Discover culinary perfection on the grill with my Grilled Scallops and Corn Salad recipe. Featuring succulent, char-kissed sea scallops mingled with fresh corn salsa and with a silky honey-lime dressing, every bite promises a symphony of delicious summer flavors!
Make the Honey Lime Dressing: In a small mixing bowl, combine the lime juice, honey, dijon, garlic powder, cumin, coriander, and olive oil. Season with 1/2 teaspoon of kosher salt and 1/8 teaspoon of black pepper. Use a whisk and stir the ingredients together until completely emulsified and combined. Taste the sauce and adjust the flavors as you see fit. Then, cover the sauce and place it in the refrigerator until ready to use. (Note: Make sure you whisk the dressing, then taste and adjust it again before using it!)
Make the Corn Avocado Salad: In a medium size mixing bowl, combine the diced avocado, corn kernels, red onion, jalapeno, cilantro, lime juice, and crushed red pepper flakes. Season with a scant ¼ teaspoon kosher salt and a pinch of black pepper. Use a fork or spoon to toss the ingredients together until well combined. Taste the salsa and adjust the flavors as needed to suit your personal taste. Then, set the salsa aside.
Prepare the Scallops for Grilling: Line a large, rimmed baking sheet with clean paper towels. Next, arrange the scallops on top of the towels and place more paper towels on top. Use your hands to gently press on the towels to blot the scallops dry. Remove the wet top paper towels and replace with clean paper towels.
Double Skewer Scallops: Thread 4 to 6 sea scallops onto one skewer, arranging the skewer so it is off to one side of the scallop’s center. Then, place a second skewer through the scallops, parallel to and about ¼-inch away from the first.
Prepare the Grill: Prepare an outdoor grill for medium-high cooking. Heat the grill until hot (425-degrees to 450-degrees), clean the cooking grates, and then brush the grates well with a paper towel that’s been dipped into oil.
Season Scallops, Then Grill: Lightly brush the scallops all over with oil and then season on both sides with 1 teaspoon of kosher salt and heaping ¼ teaspoon black pepper. Place the scallop skewers onto the oiled grill grates and grill uncovered and undisturbed until the bottom side develops dark grill marks, about 3 to 4 minutes. Flip the skewers over and continue to grill the scallops for 2 to 3 minutes, or until they’re just barely cooked through to an internal temperature of 145-degrees Fahrenheit.

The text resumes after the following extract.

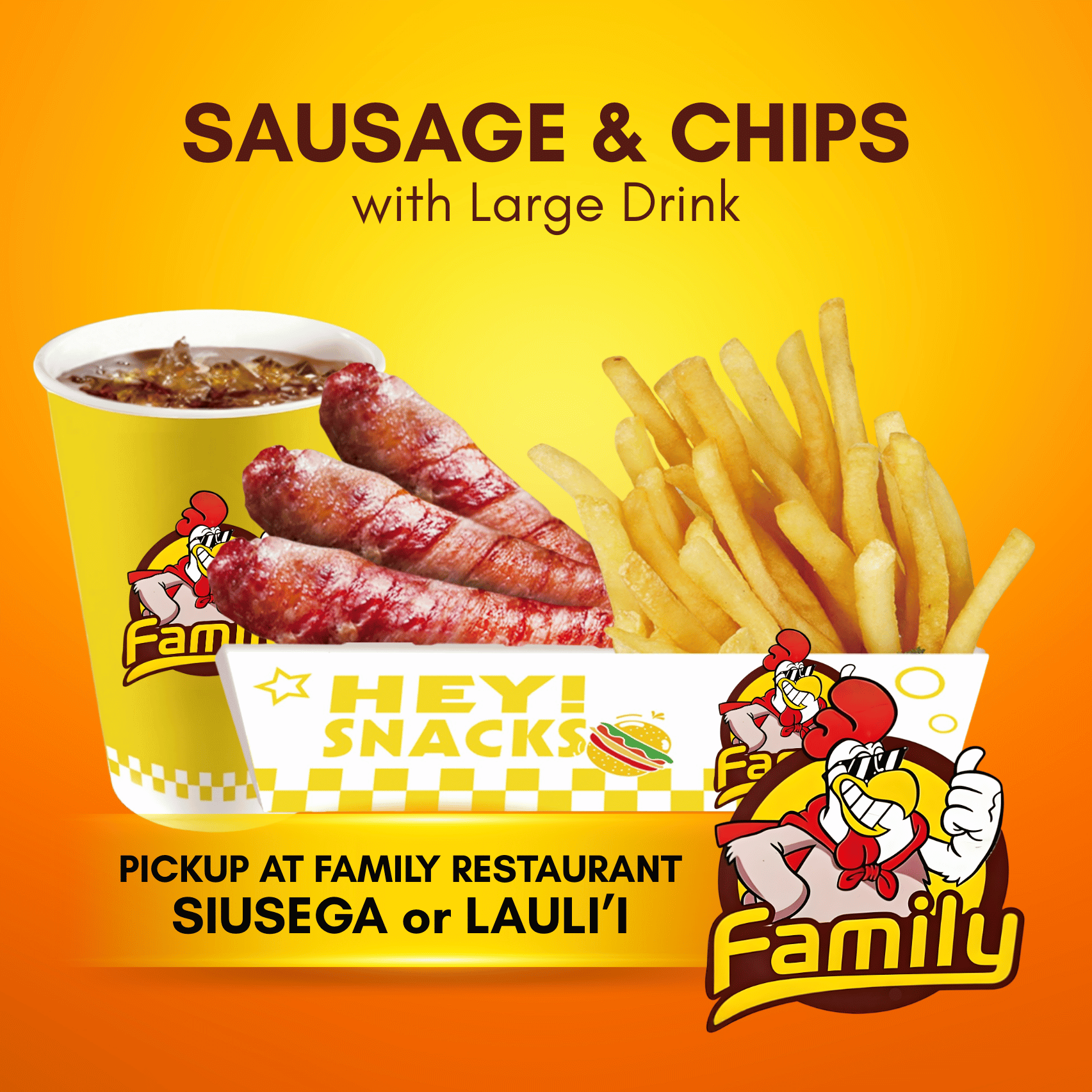 Sausage and Chips with Large Drink (PICK UP FROM FAMILY RESTAURANT SIUSEGA OR LAULI'I ONLY)

To Serve Corn Scallop Recipe: Transfer the grilled scallops to a large serving platter. Scoop the avocado corn salsa all over the scallops and then drizzle everything with some of the honey lime sauce. Serve scallops with the remaining sauce and lime wedges on the side. Enjoy immediately.
Notes
Scallops: Please refer to the article for tips on purchasing scallops. And if you're looking for tricks to perfectly grill scallops, check out this article on grilling scallops.
If corn is in season, I prefer to use freshly grilled corn kernels instead of the canned stuff. You'll need 2 ears of corn to replace the 15-ounce can. To Grill Corn: Place corn on the grill and cook, turning occasionally, until charred in spots and corn is cooked through, about 10 minutes total. Remove corn from grill and let cool slightly. Slice kernels off cob and use to make the salsa.
Storage: Scallops are best when enjoyed immediately after grilling. However, you can absolutely store leftovers! Keep everything in separate airtight containers for freshness. Store leftover scallops in an airtight container in the fridge for up to 2 days. Dressing up to 5 days and Salsa up to 2 days in the fridge.
Need to Scale the Recipe? Hover your mouse over the number of servings in the recipe card. You'll see a sliding scale pop up, you can use that to scale the recipe up or down as needed.
Got questions? I've got answers! If you ever run into an issue, have a question, or need any clarification - please feel free to drop them in the comments section. I'm happy to help when I can!
Nutritional information is provided as a courtesy and the nutrition facts are an estimate based upon 4 servings. Exact information will depend upon the brands of ingredients and precise measurements used.